DATA FOR PROCESSING:
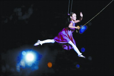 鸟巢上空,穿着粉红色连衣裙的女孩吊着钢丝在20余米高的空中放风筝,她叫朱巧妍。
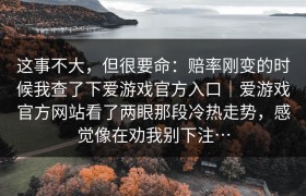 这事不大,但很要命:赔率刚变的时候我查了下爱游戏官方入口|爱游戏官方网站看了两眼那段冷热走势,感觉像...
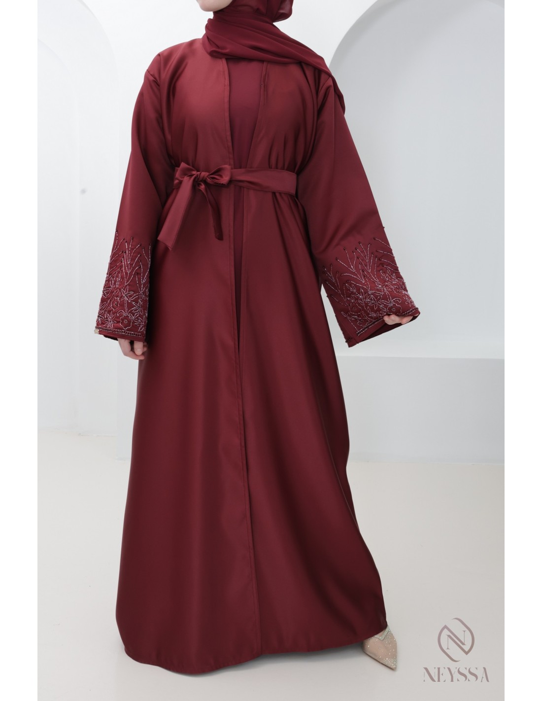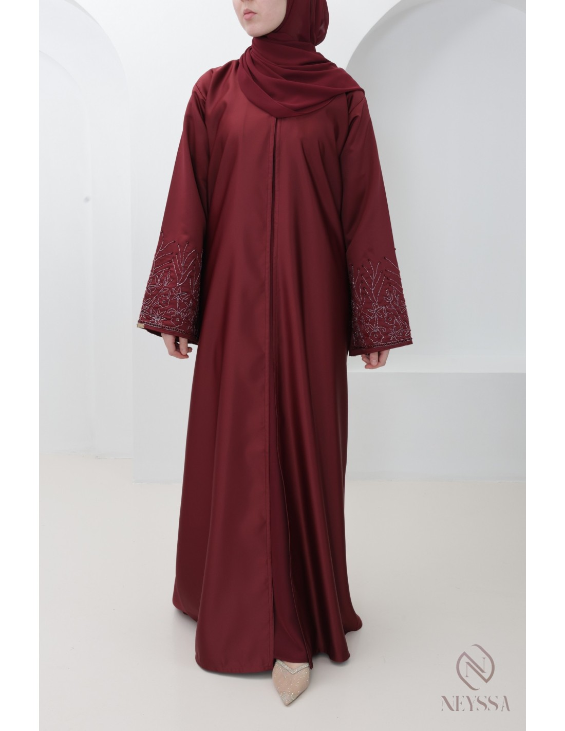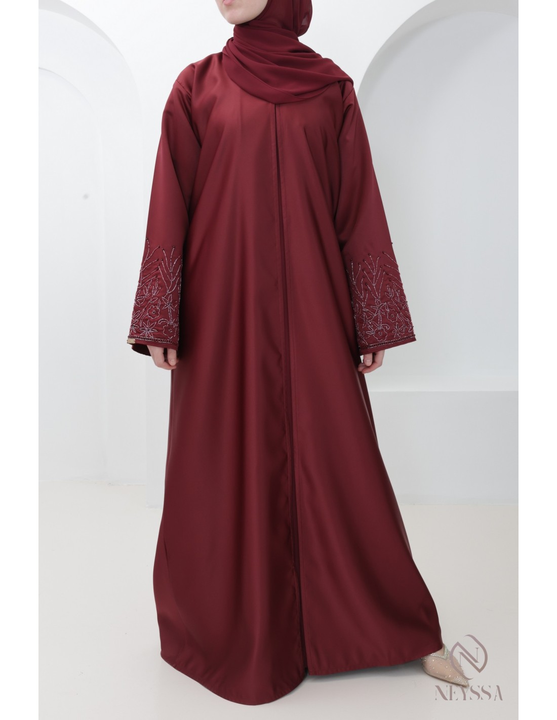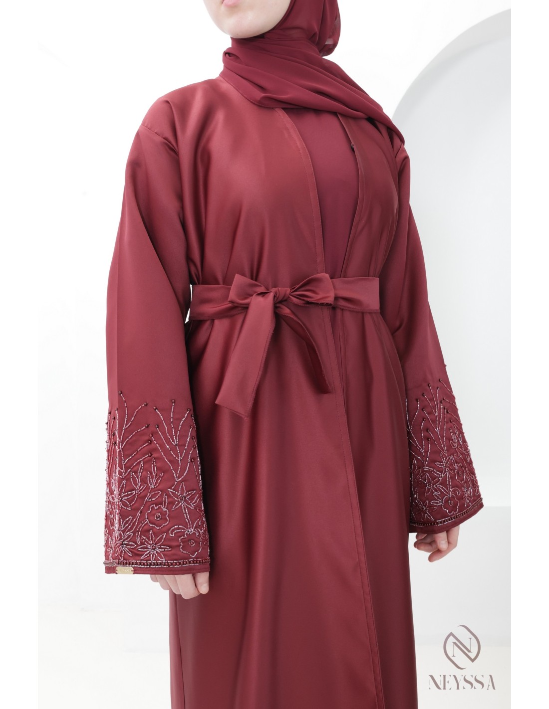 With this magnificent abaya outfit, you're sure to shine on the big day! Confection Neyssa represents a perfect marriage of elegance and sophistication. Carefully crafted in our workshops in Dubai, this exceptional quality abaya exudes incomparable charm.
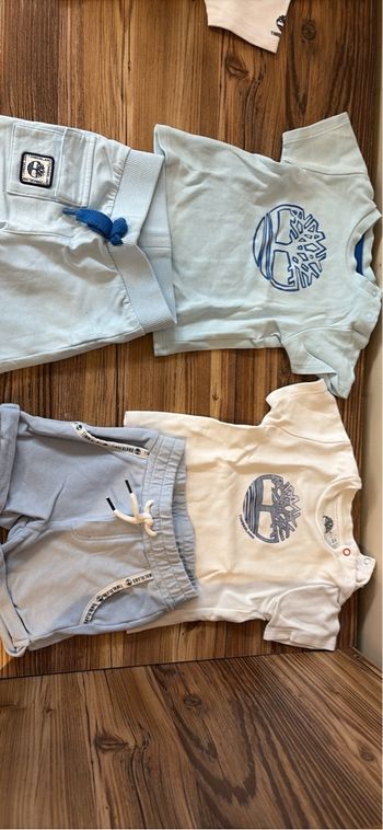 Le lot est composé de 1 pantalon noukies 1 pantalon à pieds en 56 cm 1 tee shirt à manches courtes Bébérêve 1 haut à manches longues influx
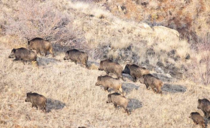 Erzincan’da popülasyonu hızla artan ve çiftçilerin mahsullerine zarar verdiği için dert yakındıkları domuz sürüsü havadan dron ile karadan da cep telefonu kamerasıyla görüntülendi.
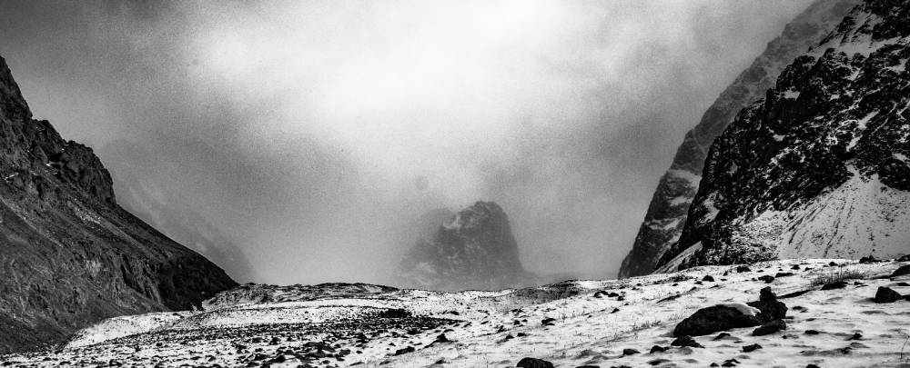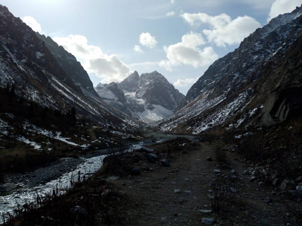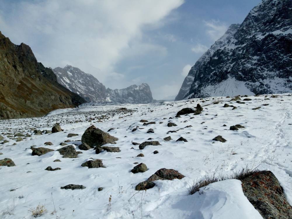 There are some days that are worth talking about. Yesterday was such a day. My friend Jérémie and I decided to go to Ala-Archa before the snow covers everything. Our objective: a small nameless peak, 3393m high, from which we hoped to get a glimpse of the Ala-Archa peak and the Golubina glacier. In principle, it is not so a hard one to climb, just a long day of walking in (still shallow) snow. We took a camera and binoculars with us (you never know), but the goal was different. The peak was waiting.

TASK DETAILS:
The pictures stay out; please reproduce everything else in the entries exactly.

TASK RESPONSE:
 鸟巢上空,穿着粉红色连衣裙的女孩吊着钢丝在20余米高的空中放风筝,她叫朱巧妍。
 这事不大,但很要命:赔率刚变的时候我查了下爱游戏官方入口|爱游戏官方网站看了两眼那段冷热走势,感觉像...
 With this magnificent abaya outfit, you're sure to shine on the big day! Confection Neyssa represents a perfect marriage of elegance and sophistication. Carefully crafted in our workshops in Dubai, this exceptional quality abaya exudes incomparable charm.
 Le lot est composé de 1 pantalon noukies 1 pantalon à pieds en 56 cm 1 tee shirt à manches courtes Bébérêve 1 haut à manches longues influx
 Erzincan’da popülasyonu hızla artan ve çiftçilerin mahsullerine zarar verdiği için dert yakındıkları domuz sürüsü havadan dron ile karadan da cep telefonu kamerasıyla görüntülendi.
 There are some days that are worth talking about. Yesterday was such a day. My friend Jérémie and I decided to go to Ala-Archa before the snow covers everything. Our objective: a small nameless peak, 3393m high, from which we hoped to get a glimpse of the Ala-Archa peak and the Golubina glacier. In principle, it is not so a hard one to climb, just a long day of walking in (still shallow) snow. We took a camera and binoculars with us (you never know), but the goal was different. The peak was waiting.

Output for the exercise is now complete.